Detection of GRIN2A/NMDAR2A by Western Blot. Western blot of rat hippocampal lysate showing specific immunolabeling of the approximately 180 kDa NR2A subunit of the NMDA Receptor.
Preparation and Storage
The product is shipped at ambient temperature. Upon receipt, store it immediately at the temperature recommended below.
Stability & Storage
For long-term storage, ≤ -20° C is recommended. Product is stable at ≤ -20° C for at least 1 year.
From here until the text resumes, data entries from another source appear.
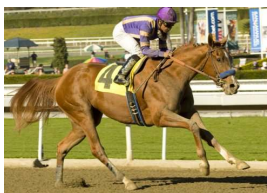
Princess Arabella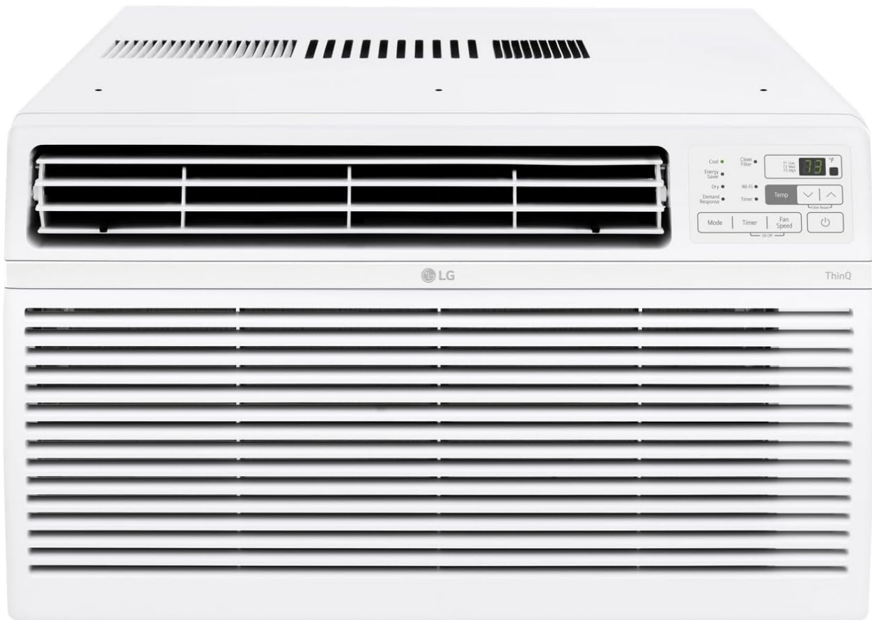
Figure 4: Close-up of the LG LW1217ERSM1 control panel.

The included remote control allows you to adjust all settings from anywhere in the room. It features buttons for Power, Mode, Fan Speed, Temperature adjustment, Timer, Sleep, and Energy Saver.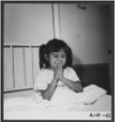
Alberni Indian Residence Alberni, B. C. Little girl saying prayers. (13d-c5699-d44)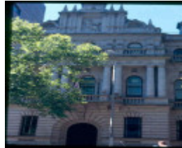
h01478 supreme court annexe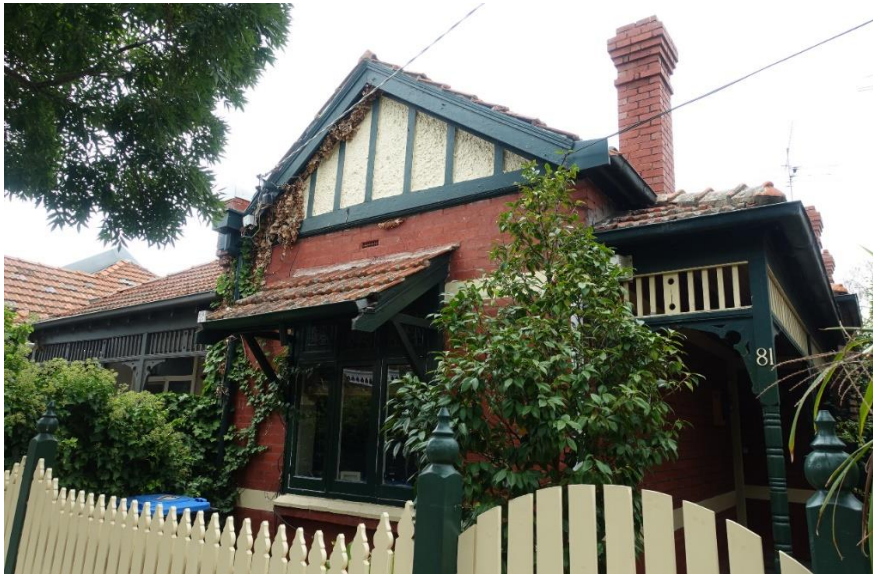
Figure 5. Semi-detached pair at 79/81 Chomley Street with extensive timber fretwork.

The streetscape is composed of dwellings that are modest in scale taking the form of ornamented villas or semi-detached pairs on small blocks. Residences are typically of brick frequently combining face brick with bands or other rendered devices to produce an understated domestic interpretation of the 'blood and bandages' style found more prominently in contemporary institutional buildings. However, it is the extensive use of timber for decorative elements that distinguishes and unifies the group, particularly 7-69 and 75-83 Chomley Street and the Packington Place houses. The dwellings illustrate the variety and invention of timber adornments available to the Edwardian designer, including verandah fretwork, ornamental brackets to broad eaves and strapping or other timber decoration to gable ends.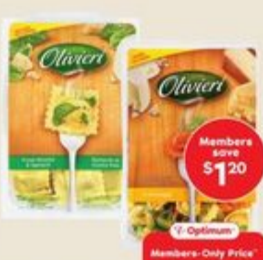
OLIVIERI FAMILY PACK PASTA SELECTED VARIETIES 540-700 G 20312412_EA/ 20915948_EA

Members save $1.20 Optimum Members-Only Price™ 10 79 Non-members 11 99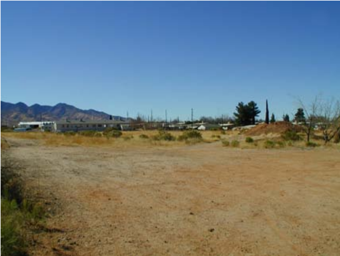
Figure 1: View of the old railroad right-of-way.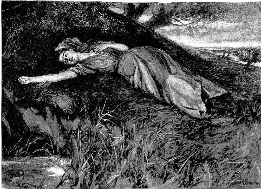
"Tess flung herself down upon the undergrowth of rustling spear-grass as upon a bed."

between confessing her relationship with Alec and accepting Angel's marriage proposal.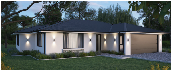
🏠 Style 2: Longrun hip roof with plaster cladding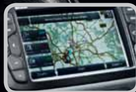
7" Touchscreen Satellite Navigation ('SE' and 'GT Tech')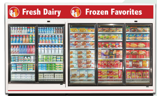
Highlight Merchandiser® Lineup

“No matter how quick we are at fixing problems, we always want to be faster. That goes to highlight, Zero Zone is the premier provider.”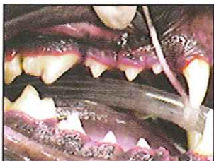
After Dental Cleaning

Plaque and tartar are visibly present on the teeth. Untreated, plaque and tartar can develop into bad breath, tooth loss or worse. Professional dental care is needed.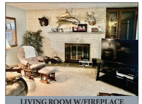
LIVING ROOM W/FIREPLACE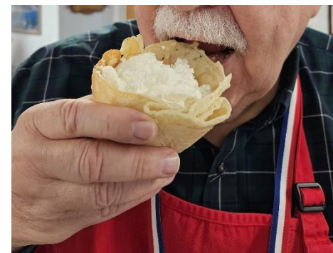
Eat delicious krumkake filled with fruit and whipped cream.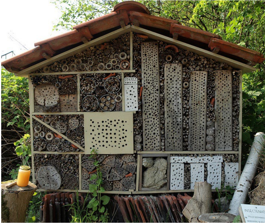
Figure 2: Insect Hotel with multiple sections providing nesting sites and shelter for various types of insects and pollinators.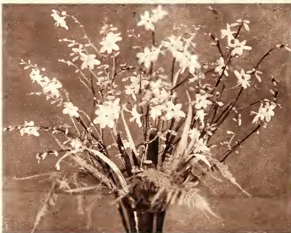
Each branch of these Montbretia's is closely studded with buds and lovely chalice-shaped flowers

BARGAIN-PRICED MONTBRETIA MIXTURE TO GROW WILD. These Montbretia's grow and flower anywhere, wherever they are planted, even on the poorest sandy or heathy soil. This makes them so remarkably suitable to fill nooks and corners, for which the superior varieties are too expensive, with their splendour of flowers and in this way to give the whole garden a gay and sunny appearance. Very good quality at the following extremely low prices : per 12 $ —.75; per 25 $ 1.30; per 100 $ 4.70. 25 for $ 1.30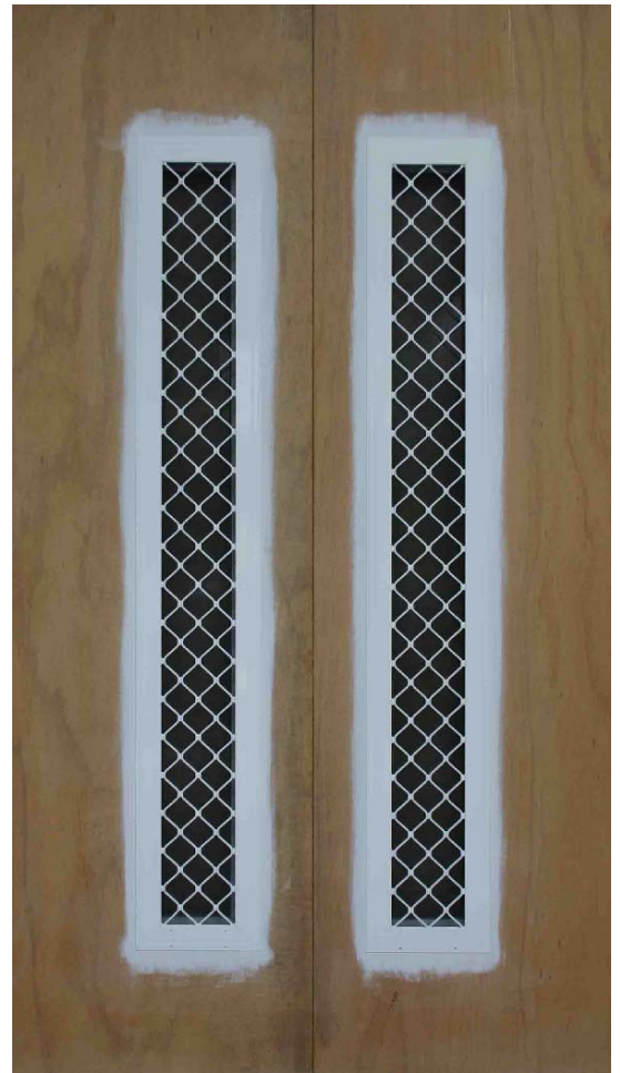
Paint grade rebated pair of very narrow (585mm each) CombiDoors with powdercoated white small diamond security alloy grills – before final painting and installation.

If you have any questions feel free to contact us.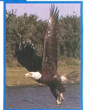
Eagle on Golf Course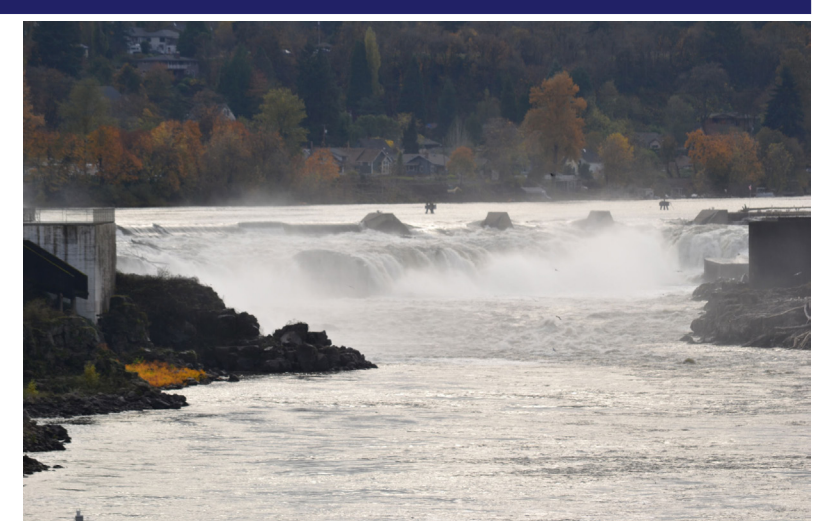
NOW: 2013 view of Willamette Falls.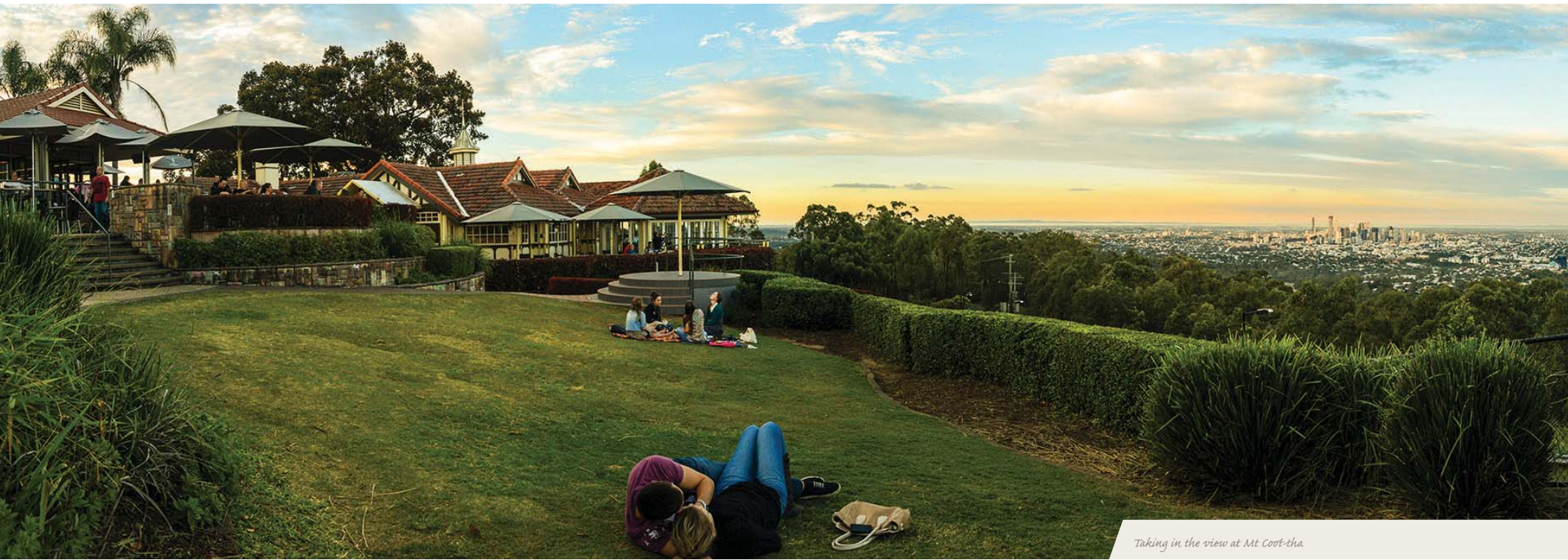
Taking in the view at Mt Coot-tha

NMDA (N-Methyl D-Aspartate) receptors are members of the glutamate receptor family of ligand-gated ion channels. The functional NMDA receptor (NMDAR) is a 650-850 kDa heteromultimer of at least two NR2 (NMDAR2) subunits and two NR1 subunits. NR2 subunits determine overall NMDAR characteristics such as conductance and Mg++ sensitivity. In addition, NR2 subunits mediate NMDAR clustering and synaptic localization through cytoplasmic interaction with PSD-95/SAP90 family members. Upon glutamate binding to NR2, and glycine binding to NR1, the NMDA channel is opened, allowing calcium and sodium influx into the cell. There are four genes that code for NR2 subunits (NR2A-D). The two (or three) NR2 subunits making up the NMDAR may be homodimers or heterodimers. The 2A form generates the highest conductance NMDAR. Rat NR2A is a 180 kDa, 1464 amino acid (aa), three transmembrane (TM) glycoprotein that contains a 533 aa extracellular domain (ECD) and a 627 aa cytoplasmic region. The molecule is described as 4-TM. However, the second-TM segment is only partial (or reenterant), and this makes the C-terminus intracellular. The loop connecting TM segments 3 and 4, plus the N-terminal ECD constitute the glutamate binding site. Rat NR2 is 99% and 95% aa identical to mouse and human NR2, respectively.